EXCERPTED DATA —
###

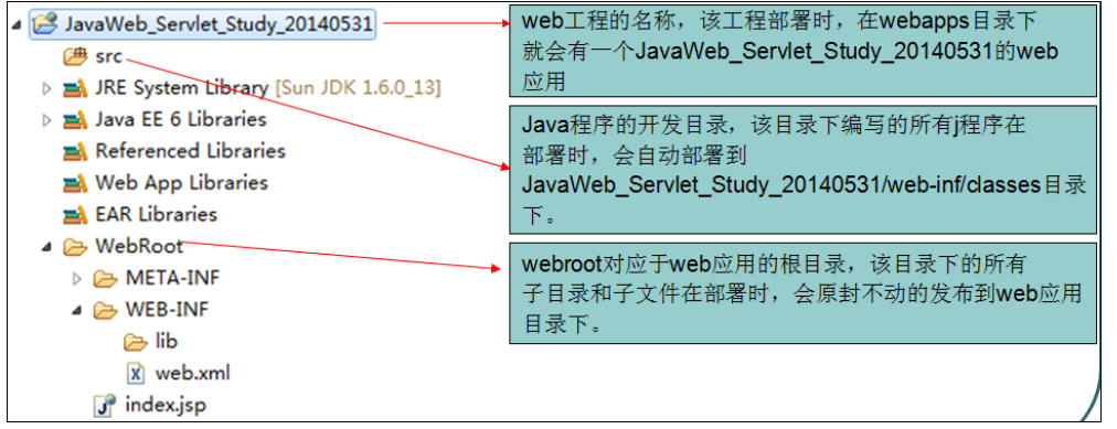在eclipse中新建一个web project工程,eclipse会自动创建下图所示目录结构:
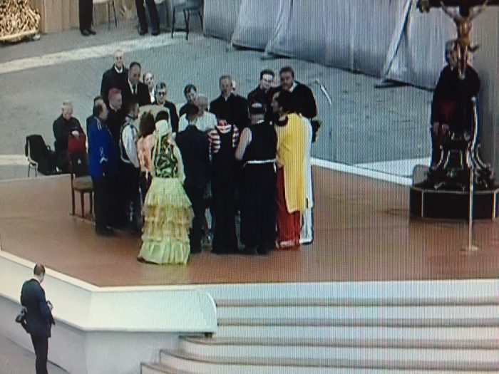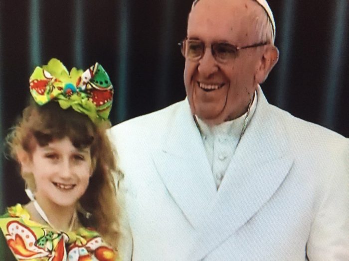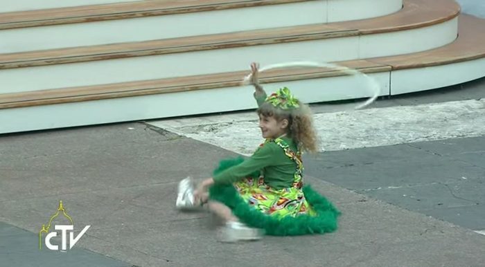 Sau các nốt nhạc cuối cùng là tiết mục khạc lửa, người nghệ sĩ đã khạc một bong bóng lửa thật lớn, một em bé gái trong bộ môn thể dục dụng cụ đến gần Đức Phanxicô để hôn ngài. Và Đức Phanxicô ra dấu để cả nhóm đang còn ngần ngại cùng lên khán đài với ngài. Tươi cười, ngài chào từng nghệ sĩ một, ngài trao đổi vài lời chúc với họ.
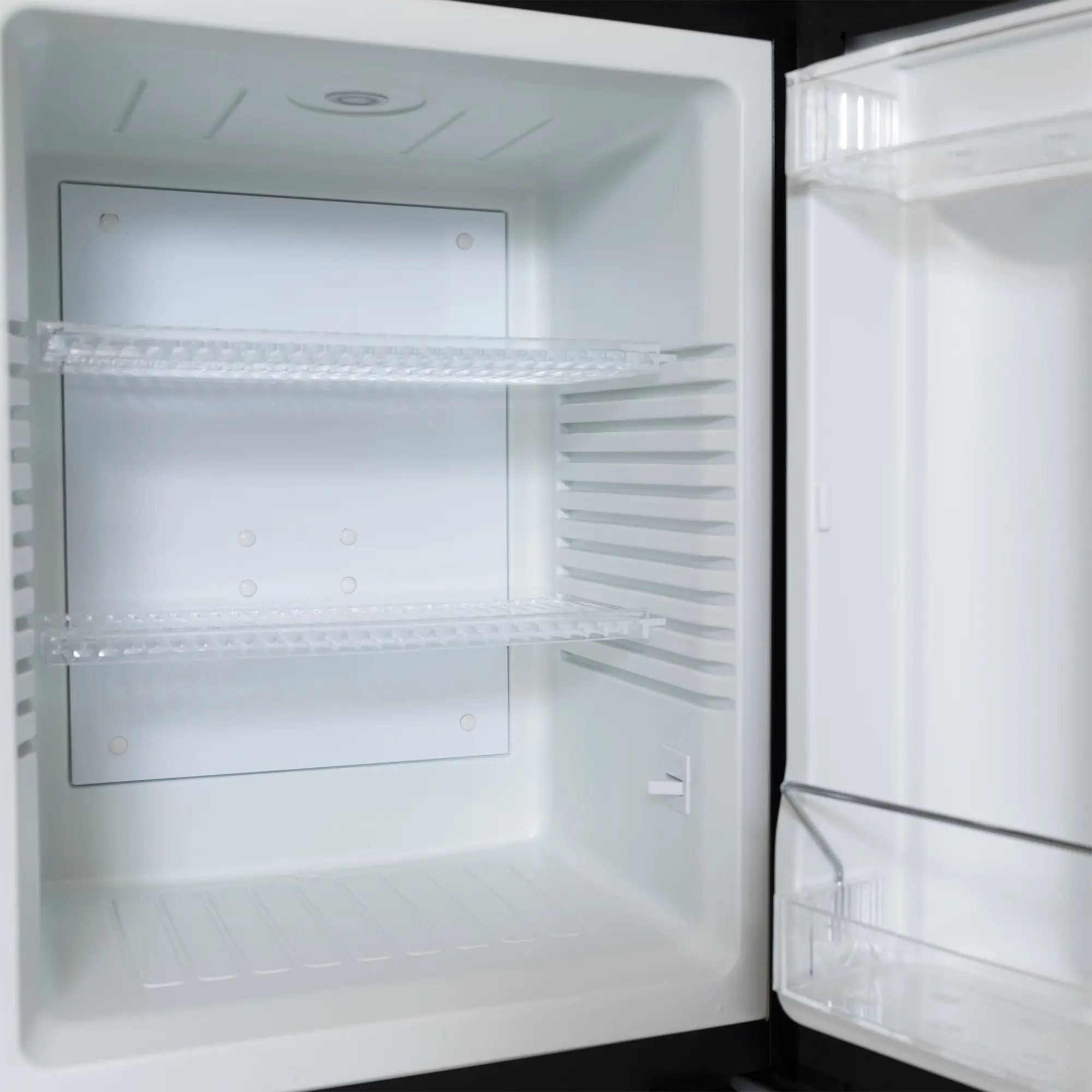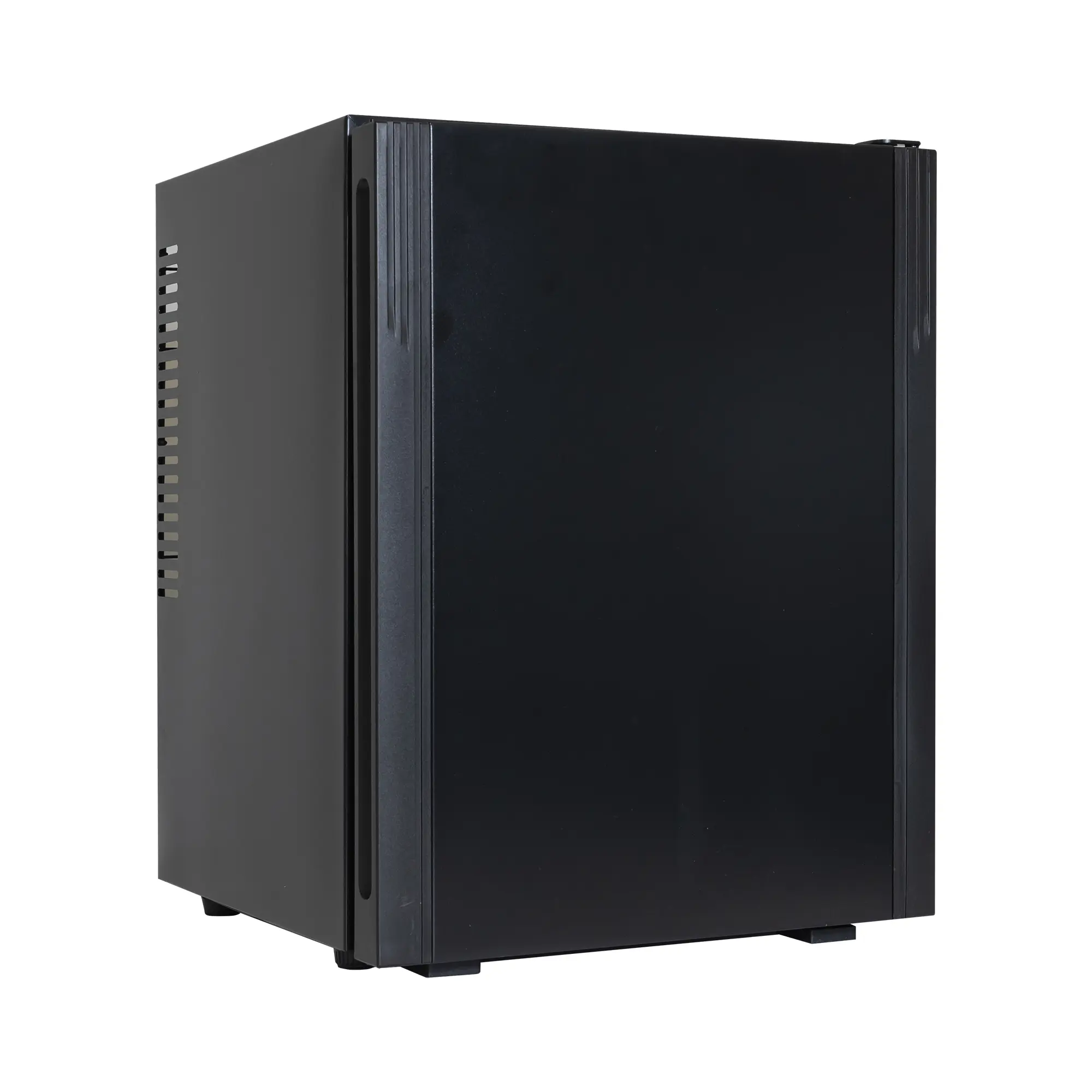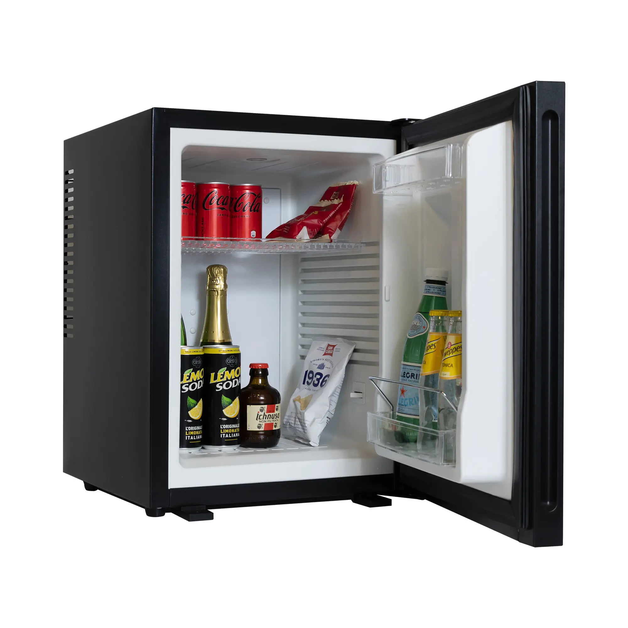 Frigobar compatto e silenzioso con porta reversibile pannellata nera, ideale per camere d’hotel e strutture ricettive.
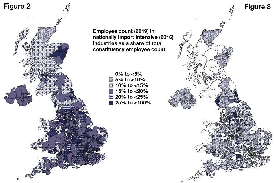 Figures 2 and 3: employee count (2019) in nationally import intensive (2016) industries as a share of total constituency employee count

###

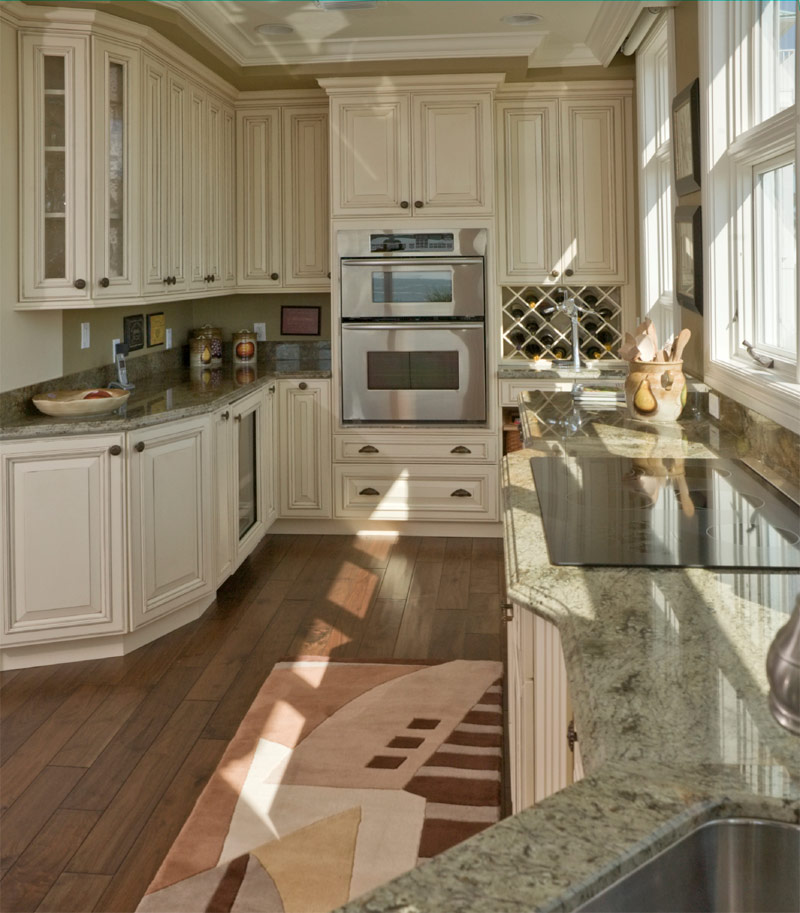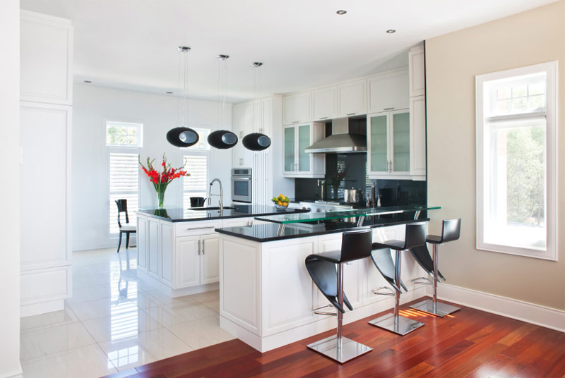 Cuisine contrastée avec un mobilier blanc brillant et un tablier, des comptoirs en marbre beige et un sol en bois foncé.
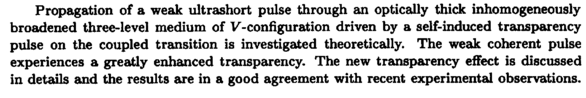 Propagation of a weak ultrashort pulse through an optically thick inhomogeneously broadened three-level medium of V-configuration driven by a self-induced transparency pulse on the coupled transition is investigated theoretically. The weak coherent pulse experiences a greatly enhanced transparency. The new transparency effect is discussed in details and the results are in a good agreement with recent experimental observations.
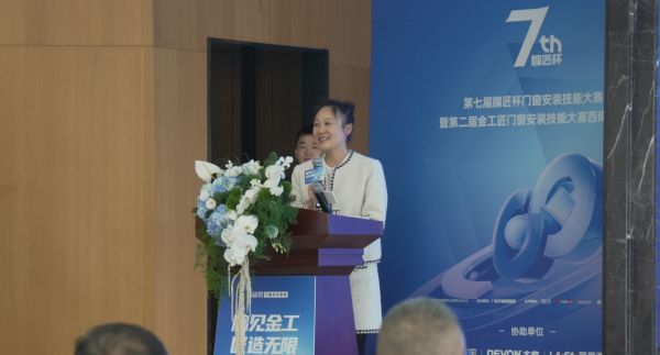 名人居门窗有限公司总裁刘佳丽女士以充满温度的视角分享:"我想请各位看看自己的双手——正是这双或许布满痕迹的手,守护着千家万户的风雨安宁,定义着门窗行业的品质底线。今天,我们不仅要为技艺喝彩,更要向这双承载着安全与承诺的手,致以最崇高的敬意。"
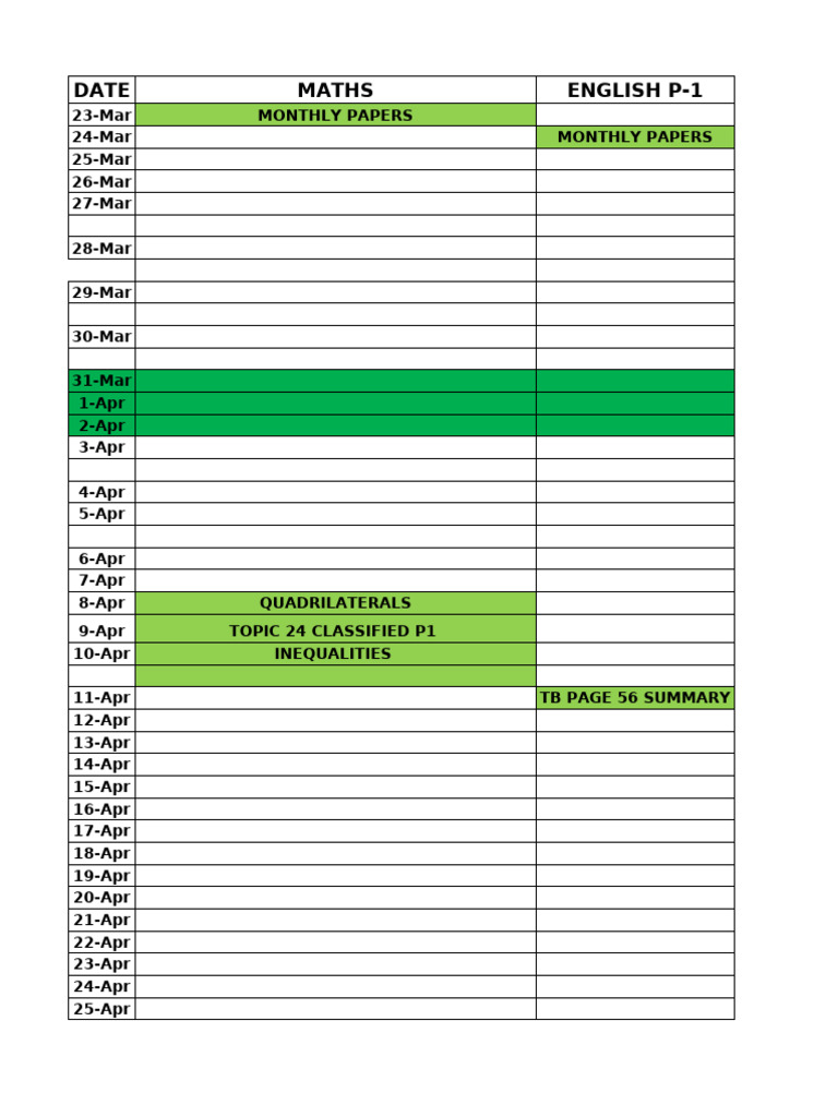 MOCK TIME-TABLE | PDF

###

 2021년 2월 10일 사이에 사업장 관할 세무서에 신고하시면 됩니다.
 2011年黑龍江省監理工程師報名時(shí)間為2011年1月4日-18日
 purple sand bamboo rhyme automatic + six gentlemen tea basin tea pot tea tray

###

WORK INSTRUCTIONS — How would the lines above read from the one with "Cuisine contrastée avec" to the one with "MOCK TIME-TABLE | PDF", inclusive, with no pictures? Write them out exactly.

EXERCISE SOLUTION —
 Cuisine contrastée avec un mobilier blanc brillant et un tablier, des comptoirs en marbre beige et un sol en bois foncé.
 Propagation of a weak ultrashort pulse through an optically thick inhomogeneously broadened three-level medium of V-configuration driven by a self-induced transparency pulse on the coupled transition is investigated theoretically. The weak coherent pulse experiences a greatly enhanced transparency. The new transparency effect is discussed in details and the results are in a good agreement with recent experimental observations.
 名人居门窗有限公司总裁刘佳丽女士以充满温度的视角分享:"我想请各位看看自己的双手——正是这双或许布满痕迹的手,守护着千家万户的风雨安宁,定义着门窗行业的品质底线。今天,我们不仅要为技艺喝彩,更要向这双承载着安全与承诺的手,致以最崇高的敬意。"
 MOCK TIME-TABLE | PDF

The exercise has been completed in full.